Dondurucu bir ayaz var bugün. Çok arayıp zor bulduğum işimin kıymetini unutacak kadar öfkeliyim yataktan çıkmaya. İnsanoğluyuz, nankörüz. Elde ettik, değeri kalmadı.
Memur yağmuru var dışarda; 8 ile 9 arası yağandan, akşam da 6 ile 7 arası yağacak olandan. Şemsiye de evde kalmış, tüy dikmiş.
Gün rutin, iş çok. Zaman akmış.
Evde inmeyeceğimi söyledim servisçi Mustafa Abi'ye: "Yol üzerindeki bir AVM'de ineceğim." Rutine devam; kulaklığı tak, düşüncelere dal. Bu sefer camdaki yağmur damlalarının birbirine karışması ana tema. Birleştikçe hızlanmaları filozofik boyut. Servisten indiğim anda, o buz gibi ve yağmurlu havada duyduğum koku ise beni silkeleyip kendime getiren şey. Güne yeni başlıyorum hissiyatının ve bu yazıyı yazmamın nedeni: KÖZDE PİŞEN KESTANE KOKUSU. Bu kokuyu içine çekerken ellerin cebinde biraz üşümüş olacaksın ama. Kafan içine kaçmış gibi yürümek de mümkün. Yağmur yerine kar yağsaydı, değmeyin onun tadına. Tadına derken kokusunun tadına. Bu öyle bir koku ki tüm duyuları birbirine karıştırabilecek cinsten bir koku.
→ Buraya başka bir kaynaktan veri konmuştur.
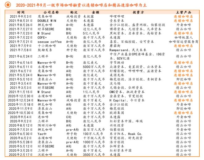 據(jù)深圳晚報(bào)報(bào)道:2021年8月,資本對(duì)于咖啡領(lǐng)域的融資"熱情高漲",一個(gè)月時(shí)間內(nèi),咖啡領(lǐng)域就發(fā)生了三輪融資,SEESAW咖啡宣布完成過(guò)億元A+輪融資;M Stand咖啡獲得超5億元B輪融資;時(shí)萃咖啡宣布完成近億元新一輪融資。此外,2021年該賽道已發(fā)生約21起融資事件,融資總額超46億元。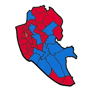 ![]() Map of Liverpool showing wards won (first placed party)[1] | ||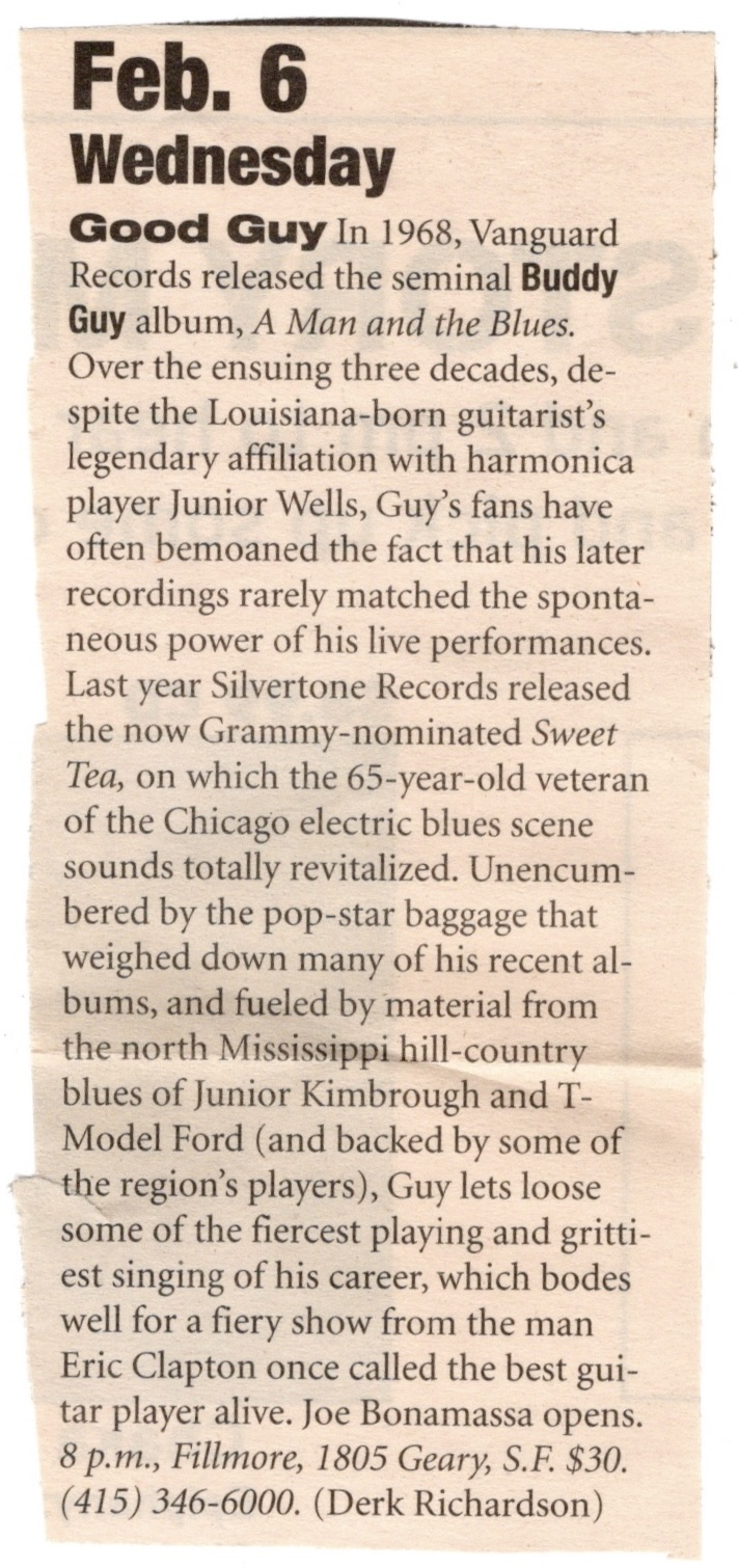 Buddy Guy with Carlos Santana, David Gleeson & Wasted Days, Joe Bonamassa – Fillmore, SF, Wed., February 6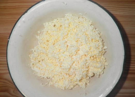 - Kaasschaafsel wordt gemengd met geraspte eieren, gehakte knoflook en mayonaise worden toegevoegd. Indien nodig wordt de vulling gezouten.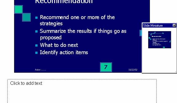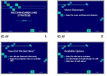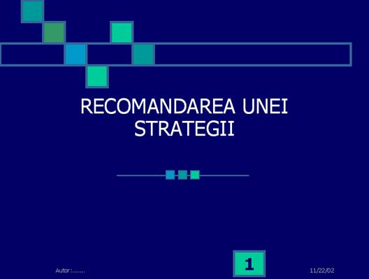 Exemplu: prima pagina a unei prezentari numita "Recomandarea unei strategii"( modul de prezentare Slide)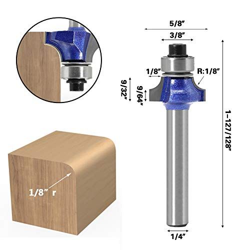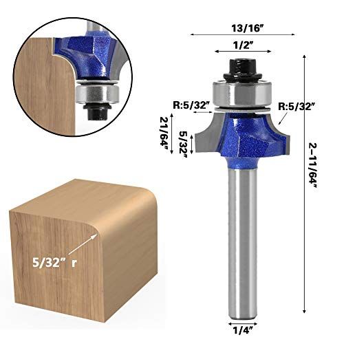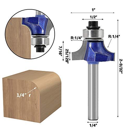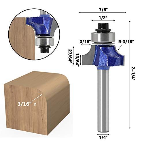 - Shank: 1/4-Inh, Shape: Round-Over, Cutting Radius: 1/4" 3/16" 5/32" 1/8" RadiusCutting Height: 7/16", 27/64", 21/64", 9/32"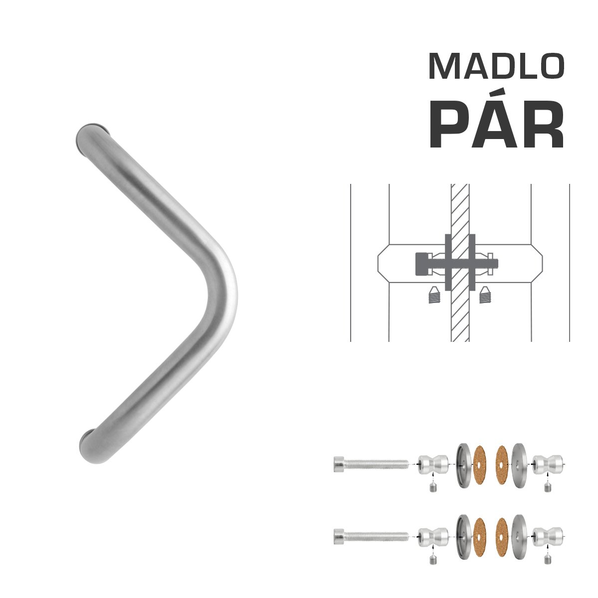 WA - MADLO M6 WA/A-S-SKLO pár Stříbrná (RAL 9006) - Ø 30 mm - 300 mm

Hiçbir günün birbirinin aynısı olmadığını, hayatın ufak ayrıntılarda gizli olduğunu, rutini bu ayrıntıların kırdığını düşündüren koku.
Mutlu olmayı büyük şeylere bağlamak hayatı çok uzun sanmakla eşdeğer. Küçük şeylerle mutlu olabilmek ise hayatı gerçekten yaşamak.
Sadece kestane kokusu değil, meraklanmayın. Ocakta fokurdamaya başlayan pudingin kokusu da bununla yarışabilir.